Clinics aren’t hospitals, but they aren’t doctor’s offices either. And not all clinics are the same. In this week’s news, there are stories about how Melissa Rivers plans on filing a lawsuit against the New York City clinic where her mother, Joan Rivers, went for treatment and never regained consciousness.
In Joan Rivers’ situation, the clinic, Yorkville Endoscopy, offered some level of surgical procedure as part of its services to patients. The clinic therefore had to have facilities for anesthesia to be provided as well as for surgeries to take place and for patients to recover from a minor surgery. According to the NYC Medical Examiner, Joan Rivers stopped breathing during an endoscopy performed at the clinic and later died from brain damage resulting for a lack of oxygen to the brain during the clinic procedure.
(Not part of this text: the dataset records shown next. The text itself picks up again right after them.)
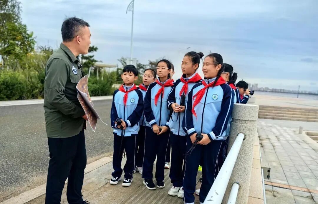 活动中,少先队校外辅导员、城阳区野生动植物保护协会会长徐立强向队员们详细讲解了反嘴鹬的外形特征和生活习性,示范了望远镜的正确使用方法及观鸟注意事项,充分激发了队员们的探索兴趣。随后,队员们手持望远镜认真观鸟,时而屏息搜寻,时而低声分享发现,“反嘴鹬的嘴巴是弯的”“它抓到小鱼了”等童真惊叹不断响起,沉浸式感受着湿地生灵的灵动。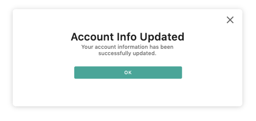 For the ‘Success Modal’ Screen — this screens acts as a confirmation that the user has updated their account info and provides a seamless transition to continue actions within the account.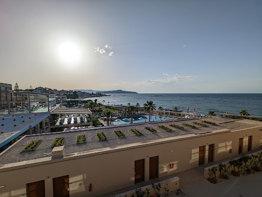 Read moreMy daughter and I have just had a very nice week at the Atlantica Kalliston. Here are our thoughts.||Pros: |Excellent location, only a 30 min transfer from airport and|Short bus ride into Chania town (buy bus tickets in a shop and you will save money!)|Fabulous pool(s)|Right by a lovely sandy beach|Low rise buildings, no 'block of flats' feel|Never felt crowded|Beautiful sunsets every night|Adult only|Nice modern decor|Really lovely staff|Exceptional storage in rooms - hate living out of a suitcase when hotels don't provide enough|Supremely comfortable beds!|Kept nice and clean.|In rooms you can put toilet paper in toilet rather than bin!|Food was good. ||We chose half board which we were pleased with. You can change your dinner to a lunch if you want to go elsewhere in the evening, in which case you can go to their Greek restaurant for a good salad buffet or get something from the a la carte menu. Drinks are always extra (we aren't big enough drinkers to get a drinks package) but we found a Cretan rose which was very nice and reasonable. You can also have one meal at the Italian and one at the Greek restaurant as part of your package. Plus there was an Asian which is outside everyone's package (I believe) which we did treat ourselves too. All restaurants were very good. Breakfast was a vast buffet - practically everything you could think of, something for everyone, with waitress service at your table for coffee/juice. Nice position of buffet restaurant, overlooking the pool area.||Bedrooms had lots of storage - nothing worse than not being able to properly unpack. An unusual set up with basin and shower within the bedroom! Shower was behind an opaque glass door. Benefit is that basin/shower/toilet could all be used separately. Beds were sublime - it was actually hard to leave them!||Pools were lovely but we liked the 'lagoon' best with its gentle slope into the water, only shoulder deep, perfect temperature, nice planting around it. We always found a sunbed by pool but despite the fact it's not supposed to be permitted, we had to resort to putting our towels out before breakfast as everyone else did it and we may not have got one otherwise. There is always 'pop' music played around the pool, didn't bother us, but some may prefer it quieter - maybe it is around the other pools?||Sea was gorgeous, though we did find the navy cushions on the beach sunbeds got way too hot so we couldn't use them.||Cons:|We went to a similar resort last year and liked that a member of staff took the time to show us around and give us some information. Here we were just taken to our room and shown the a/c (never really got the hang of it, it was a bit hit and miss but super cool!) and as a result we got to the end of day 3 before we found out that we could change our beach towels daily in the gym, buy cheaper bus tickets in the supermarket opposite, book restaurants on touch screen machines etc. The hotel is a bit of a maze so a map with the location of restaurants/gym/spa etc would have been useful!|The 'entertainment' wasn't really necessary. There were singers, dancers, musicians each night but hardly anyone went to watch and it was all ok but not worth going out of your way to see.|To economise we chose a room with an inland view as it was practically £100 each to have anything better. What we did not expect, was a busy coast road running right past our doors. It may have only been a single carriageway but it is well used and when a motorbike went past we certainly knew it. I would upload a video, but don't think I can! The a/c slightly muffled it but we feel very strongly that these rooms should be marketed as noisy (at a lower price), or at very least the doors should be soundproofed - I don't go on holiday to stay in a room noisier than my own at home. As a result we never used our terrace which is a shame. A couple of times we were approached by staff members asking if all was ok and we mentioned it both times. Both times they took details but didn't offer any solution. We aren't the type to make a big fuss so we just got on with it, but it would have been nice if they had attempted to talk to us about it and/or offered us a different room?|Lastly, if you don't wish to return to your room to use the toilet whilst round the pool there are public toilets dotted around. Useful, but who on earth decided that they should have glass doors?! It may be patterned glass but there is no privacy whatsoever and women in particular need this. As I washed my hands one day the mirror very clearly reflected a lady in the cubicle behind me completely removing her swimsuit... After this I made the (long) journey back to our room to avoid them. It also seemed that the shower cubicle by the indoor pool/gym area had the same glass - this cubicle is visible by both men and women from outside the gym area as they pass by. I cannot think of any circumstance when glass doors are acceptable in public toilets and showers - unless they are blacked out.||Overall it's a lovely hotel and we had a very...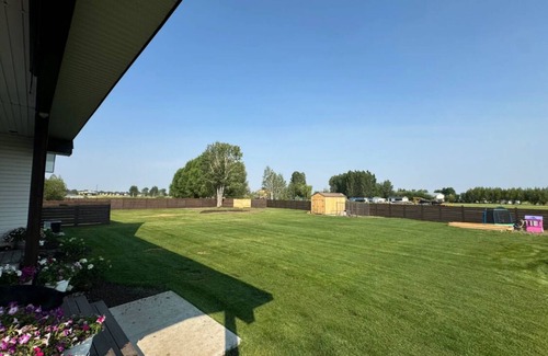 Welcome to Sage Haven Retreat, your perfect countryside escape with ample comfort and space. It features 5 Bedrooms & 2.5 Bathrooms. Enjoy 2 king beds, 2 queen beds, & 2 twin beds. Enjoy the large kitchen & living space. There is a huge fenced yard. Dogs are welcome to stay outside, in a provided kennel. Relax by the firepit, grill food, or enjoy the outdoor theater. Located less than 5 minutes to town, 10 min to fishing, 15 min to Sand Dunes, & less than 1 hour to Island Park and Yellowstone.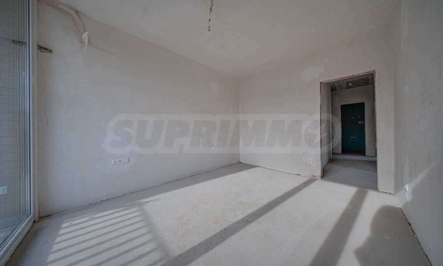The apartment is located on the 3rd floor, with a favorable east/south exposure and has a total area of 120.67 sq m. It consists of an entrance hall, two bathrooms with toilets, two bedrooms, a living room with a kitchen, a loggia-type terrace, with access from the living room and one of the bedrooms, with a view of the mountains.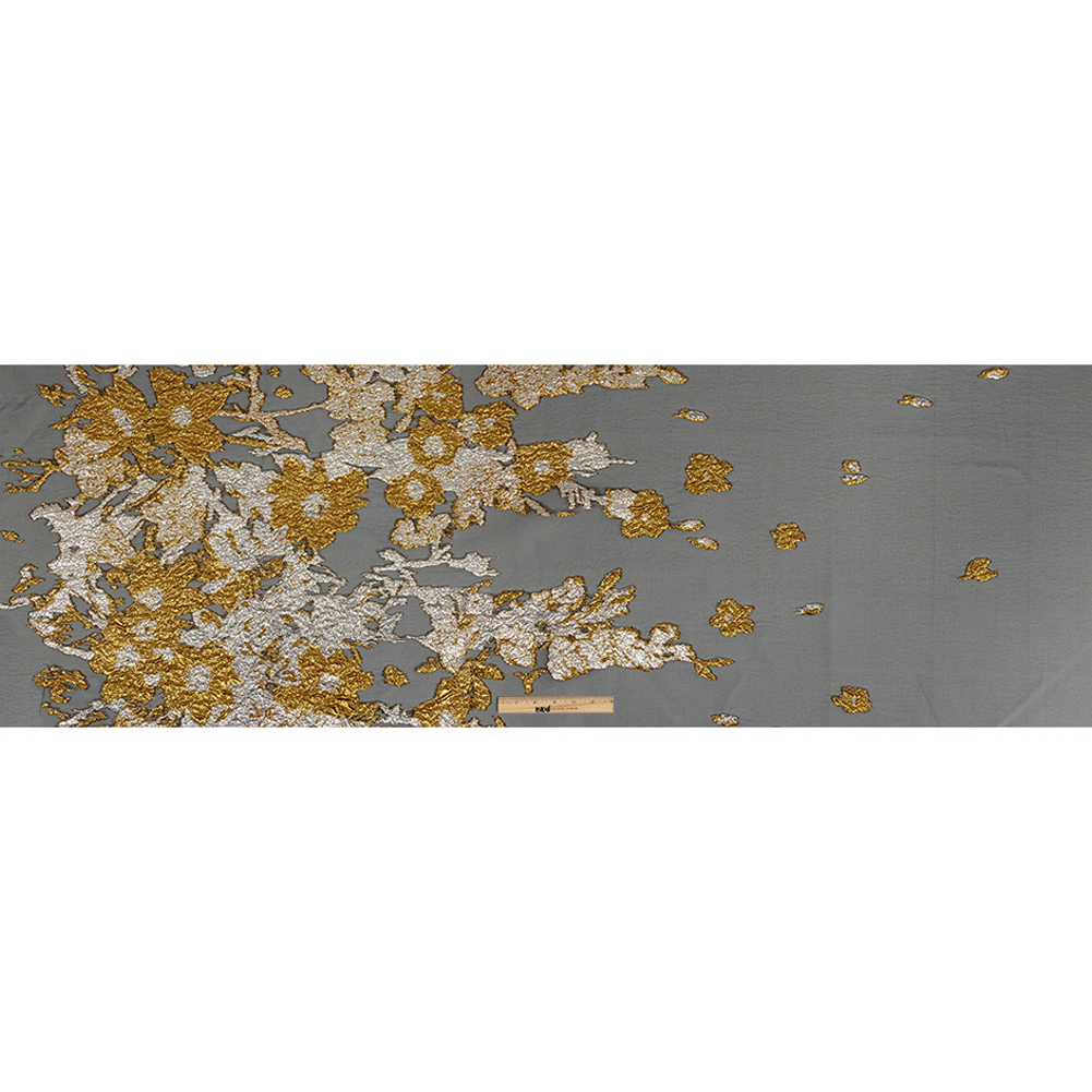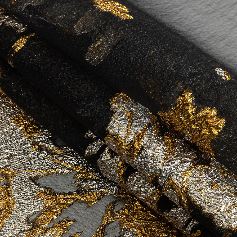 This Metallic Antique Gold, Silver and Black Abstract Luxury Burnout Brocade is sure to set the world on fire! Swaths of metallic orange-gold and bright silver trail like flames across a black organza base. With a crisp hand and light but voluminous drape, fashion wide-skirted evening gowns with sheer sleeves. Use this fabric's translucency to play with overlays and colored linings, or stick with black to keep the bright pattern in the forefront. This pattern begins approximately two inches from the selvages and is denser towards one edge than the other.

In-Store Clinics: Target, CVS
This NYC Clinic is a specialized clinic. However, not all clinics are specialized, there are general-services clinics, too. Consider the huge number of “in-store clinics” or “retail clinics” that are popping up around Indiana and Illinois. Today, you can go shop at your local Target or CVS and while you’re buying school clothes or birthday cards, you can also stop into the designed clinic area for medical treatment.
Now, these in-store clinics are not a full-stop care facility. They are manned by nurse-practitioners and most folk drop into the Target Clinics and the CVS Clinics for things like colds, flu, and allergy relief.
Walmart to Open Full-Service In-Store Clinics
However, Walmart has announced that their stores will also be opening in-store clinics, and these Walmart Clinics hope to offer visitors a lot more than the current in-store clinics around our community. Walmart wants to include all sorts of primary medical care at these new clinics, making them a viable alternative for all sorts of patient needs. And, of course, the in-store pharmacy will be right there to assist those leaving the clinic with their prescription needs.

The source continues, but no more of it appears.